Thousands of children have been killed in the enclave since the Israeli assault began, officials in Gaza say. The Israeli military says it takes “all feasible precautions” to avoid civilian deaths.
Barefoot and weeping, Khaled Joudeh, 9, hurried toward the dozens of bodies wrapped in white burial shrouds, blankets and rugs outside the overcrowded morgue.
“Where’s my mom?” he cried next to a photographer for The New York Times. “I want to see my mom.”
“Where is Khalil?” he continued, barely audible between sobs as he asked for his 12-year-old brother. A morgue worker opened a white shroud, so Khaled could kiss his brother one final time.
Then, he bid farewell to his 8-month-old sister. Another shroud was pulled back, revealing the blood-caked face of a baby, her strawberry-red hair matted down. Khaled broke into fresh sobs as he identified her to the hospital staff. Her name was Misk, Arabic for musk.
“Mama was so happy when she had you,” he whispered, gently touching her forehead, tears streaming down his face onto hers.
She was the joy of his family, relatives later said — after three boys, his parents were desperate for a girl. When she was born, they said, Khaled’s mother delighted in dressing Misk in frilly, colorful dresses, pinning her tiny curls in bright hair clips.
Through his tears, Khaled bid farewell to his mother, father, older brother and sister, their bodies lined up around him. Only Khaled and his younger brother, Tamer, 7, survived what relatives and local journalists said was an airstrike on Oct. 22 that toppled two buildings sheltering their extended family.
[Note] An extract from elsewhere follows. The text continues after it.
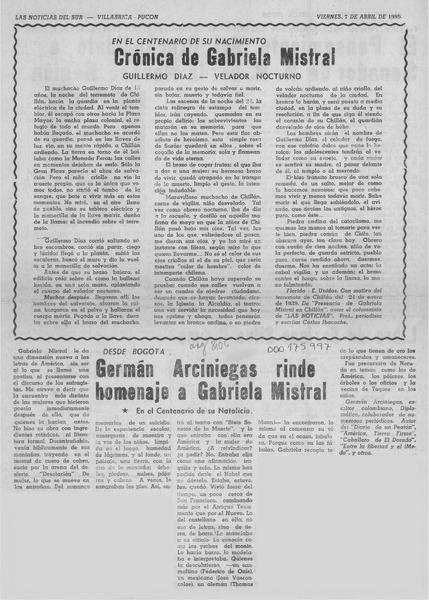 Germán Arciniegas rinde homenaje a Gabriela Mistral [artículo] Germán Arciniegas.

A total of 68 members of the Joudeh family were killed that day as they slept in their beds in Deir al Balah, in central Gaza, three of Khaled’s relatives recounted in separate interviews.
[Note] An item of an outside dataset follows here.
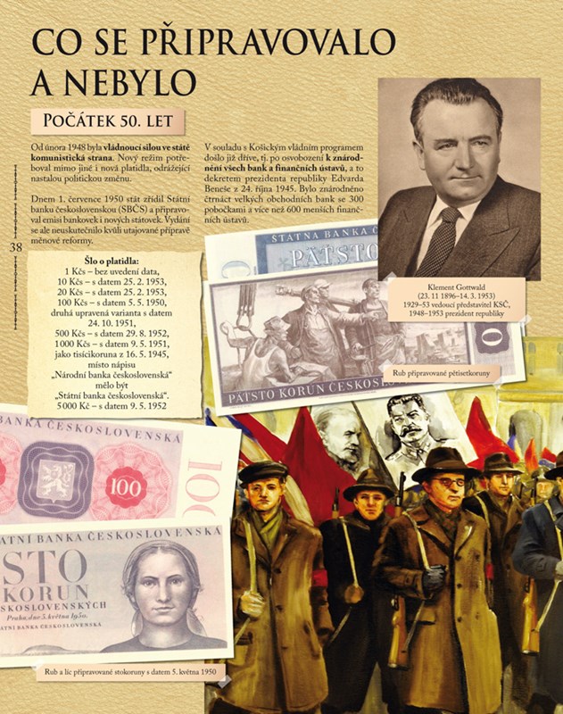 Socialistické bankovky zrcadlí ideologii a budovatelský optimismus tehdejší doby – a i ony tvoří nedílnou součást naší historie. Kniha postupuje krok za krokem až po současnost, kdy stojíme před zavedením eura.

Several branches and generations of the Joudehs, a Palestinian family, had been huddling together before the strike, relatives said, including some who had fled northern Gaza, as Israel had ordered residents to do. The Israeli military said it could not address questions about a strike on the family.
In the end, members of the family were buried together, side by side in a long grave, relatives said, showing footage of the burial and sharing a picture of Misk before she was killed.
Determining the precise number of children killed in Gaza — in the midst of a fierce bombing campaign, with hospitals collapsing, children missing, bodies buried under rubble and neighborhoods in ruins — is a Sisyphean task. Health officials in Gaza say that 5,000 Palestinian children have been killed since the Israeli assault began, and possibly hundreds more. Many international officials and experts familiar with the way death tolls are compiled in the territory say the overall numbers are generally reliable.
If the figures are even close to accurate, far more children have been killed in Gaza in the past six weeks than the 2,985 children killed in the world’s major conflict zones combined — across two dozen countries — during all of last year, even with the war in Ukraine, according to U.N. tallies of verified deaths in armed conflict.
The Israeli military says that, unlike the “murderous assault against women, children, elderly and the disabled” by Hamas on Oct. 7, Israeli forces take “all feasible precautions” to “mitigate harm” to civilians.
Hamas, the military said, deliberately caused “the maximum amount of harm and brutality possible to civilians.” During the attack on Israel, parents and their children were gunned down inside their homes, witnesses and officials say, with children taken as hostages.
In response, the Israeli military says, it is waging a war “forcefully to dismantle Hamas military and administrative capabilities.” It notes that Israeli forces have told residents to flee to southern Gaza, and says that they issue warnings before airstrikes “when possible.”